Scott-Heron also tackled the Nixon and Reagan Administrations with barbed humor in extended monologues that placed him in the satiric tradition of Lenny Bruce and Dick Gregory. His spot on the A-list of protest-minded pop performers led to appearances on two high-profile protest albums, “No Nukes,” a 1980 concert album spearheaded by Jackson Browne, and “Sun City,” the 1985 anti-apartheid release organized by Little Steven Van Zandt.

Scott-Heron’s relevance for rappers is obvious in such early-’70s tracks as “No Knock,” a hard-rhythmed response to abuses of police power, and “Whitey on the Moon,” a bitter but hilarious spoken-rhyme piece that wondered how America could mount a race in space when it hadn’t yet solved morally and socially crippling problems of race at home.

On its album, “Apocalypse 91 . . . The Enemy Strikes Back,” the politicized rap group Public Enemy acknowledged a debt to Scott-Heron with a track called “1 Million Bottlebags,” a cautionary tale about the ravages of alcohol in the ghetto that updated his mid-’70s hit, “The Bottle.” Scott-Heron’s influence also is apparent in the work of one of this year’s most praised new rap groups, the Disposable Heroes of Hiphoprisy.

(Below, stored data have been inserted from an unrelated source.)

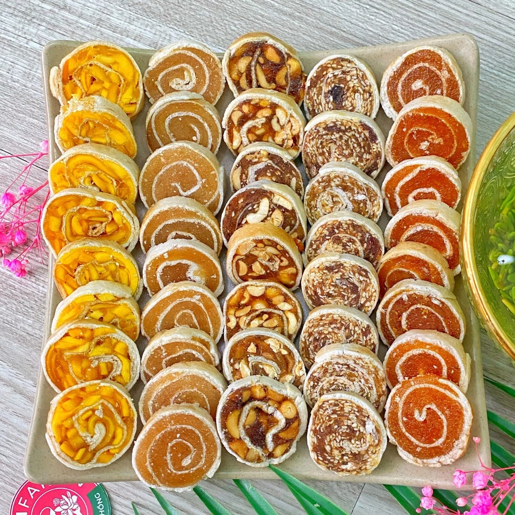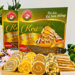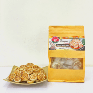 Kẹo Chuối Hạt Điều Cuộn Bánh Tráng Senfarm có màu nâu óng tự nhiên, dẻo mềm, quyện hương chuối chín và gừng cay nhẹ. Khi cắn vào, cảm nhận ngay độ giòn của hạt điều cùng vị béo ngậy của cốt dừa và mè trắng. Lớp bánh tráng phồng bên ngoài giúp kẹo không dính tay, tạo cảm giác giòn tan thú vị khi thưởng thức. Đây là món quà quê tinh tế, vừa ngon miệng vừa mang đậm nét văn hóa ẩm thực Việt.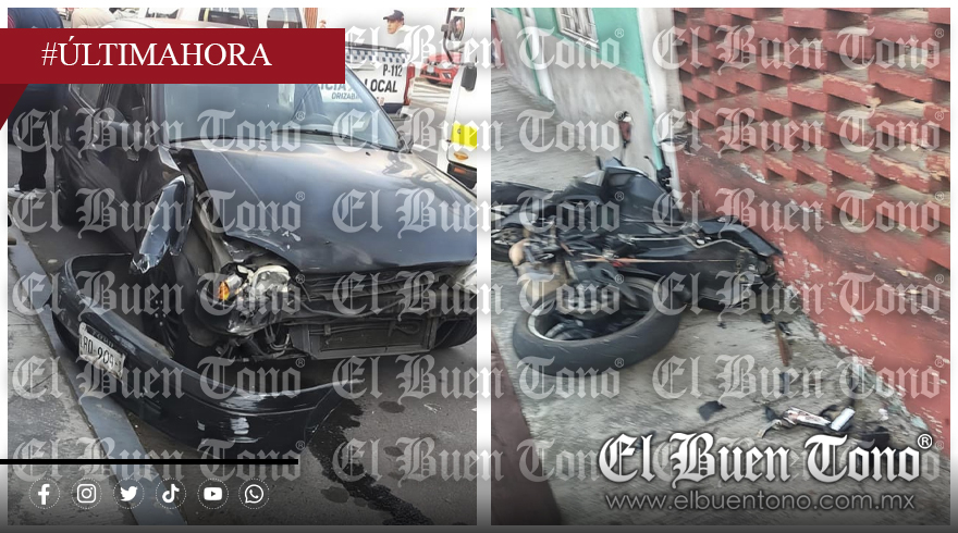 Orizaba, Ver.— Un fuerte accidente vial se registró la tarde de este domingo en calles de la colonia Lourdes, en el municipio de Orizaba, luego de que una motocicleta deportiva se impactara de frente contra un automóvil particular, dejando como saldo a un joven motociclista gravemente lesionado, además de cuantiosos daños materiales.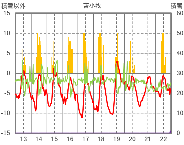 | 日 | 時 | 気温 | 降水 | 風向/風速 | 日照 | 積雪 | 降雪 |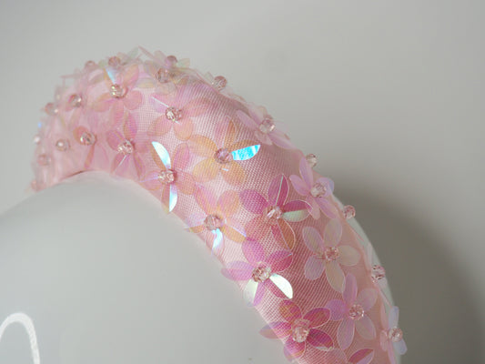 Mia - Baby pink 3d headband with iridescent sequin detial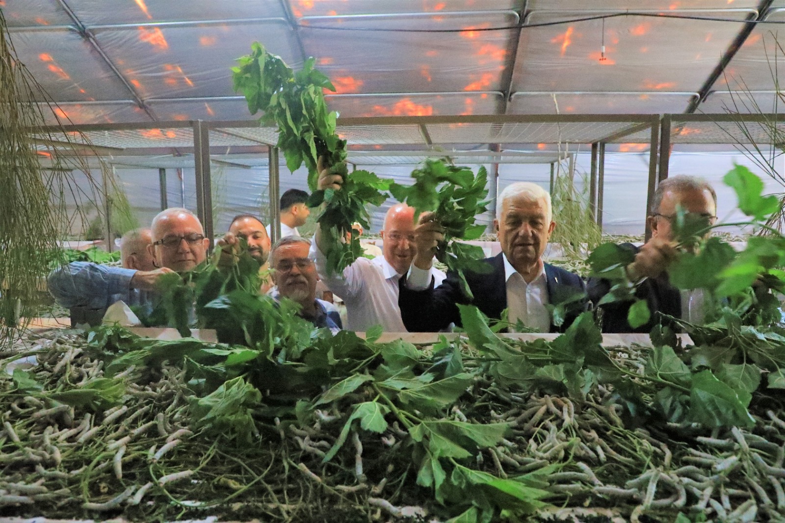Konuşmaların ardından Başkan Gürün ve beraberindeki ekip Bayır Mahallesi’nde ipekböceği üreticileri için Muğla Büyükşehir Belediyesi tarafından temin edilen ipekböceği besleme çadırında incelemelerde bulundu.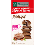 Melkchocolade (cacao: 38% minimum) (zoetstof maltitol, volle MELKpoeder, cacaoboter, cacaomassa, emulgator: SOJAlecithine, natuurlijk vanillearoma), HAZELNOOTpasta (6,00%)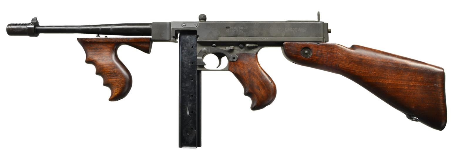 Cal. 45 ACP. S# AO134390. Bbl.10.5". Auto Ordnance Corporation manufactured Model 1928A1 Thompson with smooth replacement barrel. Barrel terminated with Auto-Ordnance marked Cutts compensator with bullet logo on left side and blade front sight. Lyman marked fixed peep sight. This is an "A.O." (Auto Ordnance) prefix serial number with matching lower assembly serial number. Vertical foregrip. Left side of receiver left factory originally marked "U.S. MODEL 1928A1" above serial number. The "U.S." has been removed, and a "C" over-stamped on the "1" so that it is now marked "MODEL 1928AC", which is typical for Thompsons that were sold by the U.S. Government to police agencies after World War II. Other left hand receiver markings include, "THOMPSON SUBMACHINE GUN / CALIBRE .45 AUTOMATIC CARTRIDGE". Right hand receiver markings include "AUTO-ORDNANCE CORPORATION" with Bridgeport address. Barrel, in front of receiver marked with an "S" on the left side, and with an "O" on the right side next to the index mark. NFA registry indicates Auto Ordnance as the manufacturer. MAGS: 1 Seymour blued 30 rd. CONDITION: matte blued finish is complete, w/ a darker finish on upper receiver and more of a gray tone on lower receiver. Some thinning on high spots and in areas of mechanical intervention. Bluing on barrel uneven. Buttplate has a smooth lustrous finish, thinning on top and at bottom. Wood furniture is matching dark brown with typical impressions, heaviest on right side of pistol grip and left side of stock. Bright bore with strong rifling. Select fire mechanism has been disabled to fire only fully automatic due to Connecticut state restrictions. Fire control mechanism appears to function correctly when cycled by hand. NATIONAL FIREARMS ACT MG REQUIRING BATF TRANSFER BEFORE TAKING POSSESSION. FULLY TRANSFERABLE. (03-1610/JZ). CURIO. $30,000-40,000.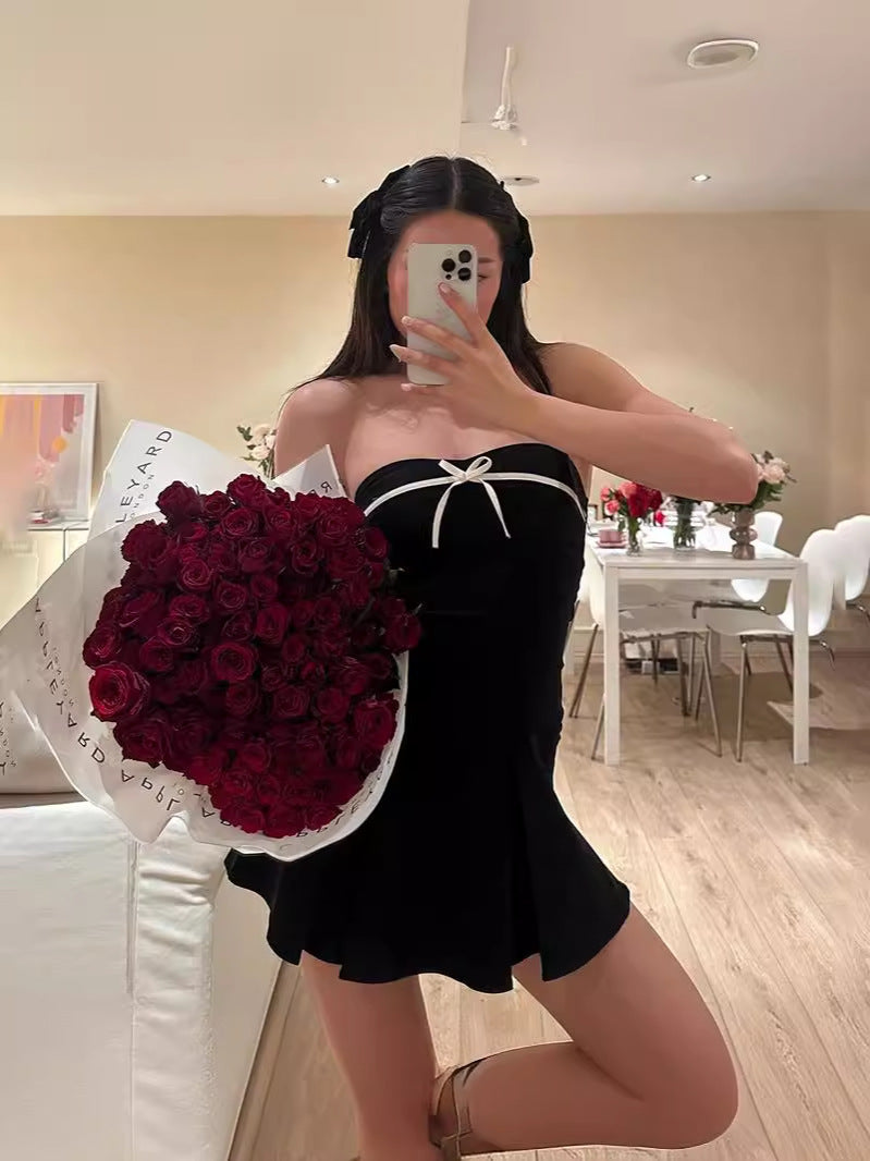 LIZAKOSHT  -  Stylish Impression Strapless Ruffled Skater Dress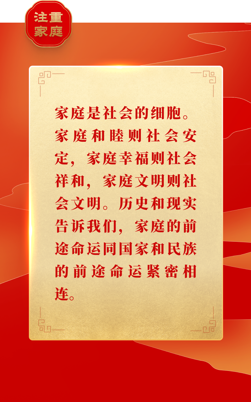 “家庭和睦则社会安定,家庭幸福则社会祥和,家庭文明则社会文明。”“家庭的前途命运同国家和民族的前途命运紧密相连。”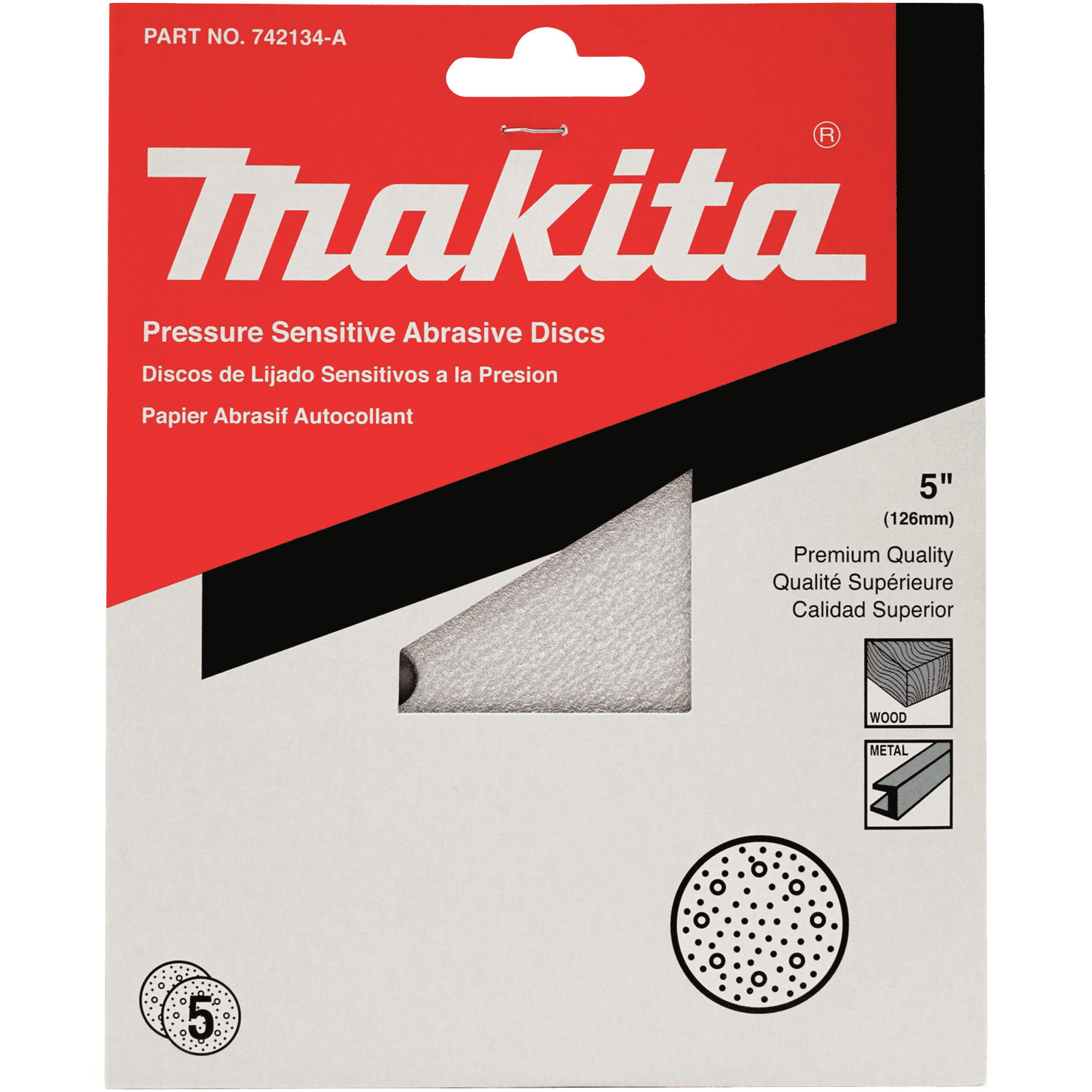 Makita Pressure Sensitive Adhesive (PSA) Abrasive Disc is designed to work with Random Orbit Sanders to sand a variety of wood surfaces. The paper features an adhesive back for quick changes. Each Disc features high quality backing material for added durability and more efficient sanding. High-quality white aluminum oxide grain abrasive for increased durability and sharpness. Open-coat grain distribution and resin glue coating reduces grain clogging and improves finish on wood surfaces. Heavyweight paper provides strong backing and reduces edge tear-out for more sanding. Ideal for use on bare wood, paint, varnish, fillers, plastic and other materials. For use with 5" Random Orbit Sanders equipped with a PSA Backing Pad.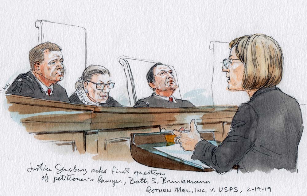 Justice Ginsburg asks first question of petitioner’s lawyer, Beth S. Brinkmann (Art Lien)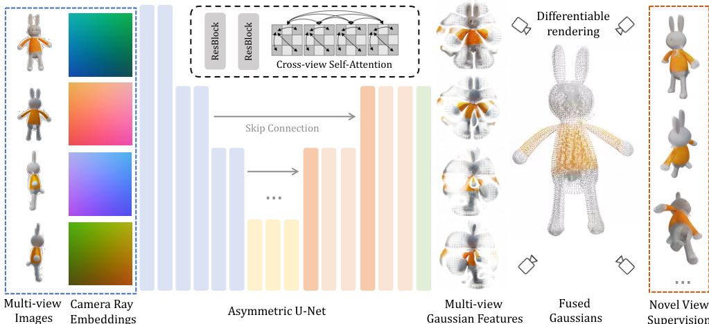 The central component of the framework is an asymmetric U-Net architecture, as shown in the detailed architecture diagram. This network takes four input images and their corresponding camera ray embeddings as input. The RGB values and ray embeddings are concatenated to form a 9-channel feature map for each pixel, which is then processed through the U-Net. The architecture incorporates residual layers and self-attention mechanisms, with self-attention applied at deeper layers to reduce memory consumption. To enable cross-view information propagation, the features from the four input views are flattened and concatenated before self-attention is applied. The output of the U-Net is a feature map with 14 channels, which is interpreted as the parameters of 3D Gaussians. The network is designed to be asymmetric, with a lower output resolution than the input, allowing for higher-resolution inputs while limiting the number of output Gaussians. The predicted Gaussian parameters, including position, scale, rotation, opacity, and color, are fused across the four views to form the final 3D Gaussian representation.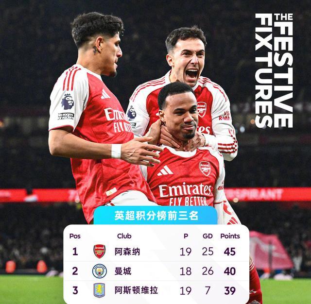 全場比賽結束,阿森納4-1大勝維拉,成功取得英超4連勝和各項賽事6連勝,19輪積45分以5分優勢強勢領跑,維拉各項賽事11連勝終結積39分位列第3!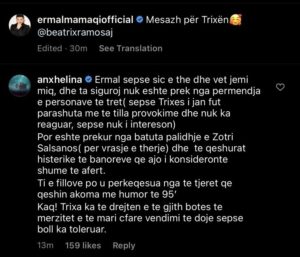 Anxhelina Hadërgjonaj ka shpjeguar para Ermalit dhe gjithë të tjerëve çfarë e bëri Beatrixën të mos shkojë në shtëpinë e BBV sonte. Me një koment në videon ku ai i lutet Trixës të ndryshojë vendimin, Anxhelina ka shkruar: “Ermal sepse siç e the dhe vet jemi miq, dhe ta siguroj nuk eshte prek nga permendja e personave te tretë (sepse Trixes i jane fut parashuta me te tilla provokime dhe nuk ka reaguar, sepse nuk i intereson), por eshte prekur nga batuta palidhje e Zoteri Salsanos (per vrasje e therje) dhe te qeshurat histerike te banoreve qe ajo i konsideronte shume te afert. Ti e fillove po u perkeqesua nga te tjeret qe qeshin akoma me humor te 95′. Kaq! Trixa ka te drejten e te gjithe botes te merzitet e te marre cfare vendimi te doje sepse boll ka toleruar”.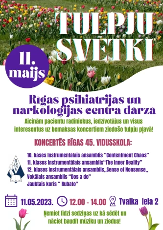 Lai pavasara svinēšanu un tulpju ziedēšanu padarītu vēl skaistāku un īpašāku, RPNC aicina visus uz “Tulpju svētku” pusdienlaika koncertu Rīgas psihiatrijas un narkoloģijas centra dārzā, kas notiks ceturtdien, 11. maijā no plkst. 12.00 – 14.00.

While Scott-Heron is best known for his political commentary, his work has gone beyond a firebrand’s rehashing of headlines to convey, often with great tenderness, the emotional and personal impact of social wrongs. “Winter in America,” from 1974, sounded a sad death-knell for ‘60s hopes of transforming change. It continues to serve as a wonderful mood piece, capturing what it’s like to feel oppressed in your soul by outer-world events that seem out of control.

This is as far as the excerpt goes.